摘要:水体中过多的抗生素在人体中会产生毒副作用,因此目前水体中残留抗生素的去除问题被越来越多的人关注,而中国是世界上滥用抗生素最为严重的国家之一,由此造成的细菌耐药性问题尤为突出。去除抗生素的方法有:生物处理法、氯化法、电化学处理法、吸附膜处理法等等,在这些方法中,吸附法因其去除抗生素残留的高效性开始被大众接受。但是如何选取吸附材料成为了我们需要思考的问题。石墨烯作为一种新型碳材料,具有丰富的孔隙结构、高比表面积、良好的热稳定性及结构可控等独特优点,对于吸附液相中的污染物效果十分明显。本文主要是研究石墨烯基复合材料对环丙沙星的吸附特性研究,并研究各类环境因素对于该材料吸附抗生素的影响。48701
石墨烯基复合材料吸附环丙沙星的动力学实验结果表明其在1~5d吸附效率最快,达到平衡的时间大概在7d左右。对于实验数据的处理分别采用假一级、假二级和颗粒内扩散模型来评价实验所取得的结果,我们发现石墨烯复合材料吸附环丙沙星的动力学和拟、假二级动力学模型比较吻合,吸附速率主要由颗粒内扩散和外部扩散共同控制。
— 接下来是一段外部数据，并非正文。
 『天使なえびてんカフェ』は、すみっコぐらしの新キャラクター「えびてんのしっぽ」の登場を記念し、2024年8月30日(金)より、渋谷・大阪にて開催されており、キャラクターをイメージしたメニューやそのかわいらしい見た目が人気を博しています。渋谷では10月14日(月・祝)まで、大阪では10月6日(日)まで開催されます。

对石墨烯基复合材料吸附等温线研究,拟合模型采用Langmuir 和Freundlich方程,由拟合数据的相关性系数R2表明Langmuir模型比Freundlich模型的拟合效果要好(R2: 0.97325>0.92704),由Langmuir模型所计算出的最大吸附容量qm为363.28 mg/g。通过D-R 方程模型,比较发现吸附平均自由能Ea值均小于8 kJ/mol,这表明石墨烯基复合材料对环丙沙星的主要吸附过程是物理吸附。
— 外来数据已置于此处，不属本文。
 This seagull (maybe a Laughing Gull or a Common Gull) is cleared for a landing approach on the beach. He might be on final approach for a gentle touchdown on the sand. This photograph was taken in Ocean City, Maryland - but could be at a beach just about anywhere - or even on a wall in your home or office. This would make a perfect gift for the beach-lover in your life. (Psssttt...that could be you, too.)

总之,石墨烯基复合材料对环丙沙星的吸附过程是一个由快到慢的物理吸附过程,石墨烯基复合材料对环丙沙星的吸附容量随着吸附剂质量增加而减小,离子强度实验表明离子的浓度对吸附的效果也有影响(表现为浓度在一定的范围内促进吸附),pH值对吸附效果的影响表现为在一定的范围内随着pH值的增大吸附效果增强,超过该临界值便抑制吸附,原因可能是离子间相互静电作用。
毕业论文关键词:抗生素,石墨烯基复合材料,吸附,等温线,动力学,离子强度,pH值。
Abstract:Too much antibiotics of the water will produce toxic side effects in the body, so removing the residual antibiotics of the water were concerned by more and more people, and Chinese is the world's most serious abuse of antibiotics, bacterial resistance problem caused by the mostprominent. There are some ways of removal of antibiotics: biological treatment method electrochemical treatment, chlorination, adsorption method, membrane treatment method and so on. In these methods, adsorption is accepted by the majority of people because of its high efficiency removal of antibiotic residues. But how to select the adsorption material as we need to think about it. Graphene is a new carbon material with rich pore structure, high specific surface area the structure, thermal stability and controllable unique advantages such as the adsorption of pollutants in liquid phase, the effect is very obvious. This project mainly studies the graphene composites of ciprofloxacin.The adsorption characteristics of the stars were studied, and the effects of various environmental leaded by the adsorption of antibiotics were studied.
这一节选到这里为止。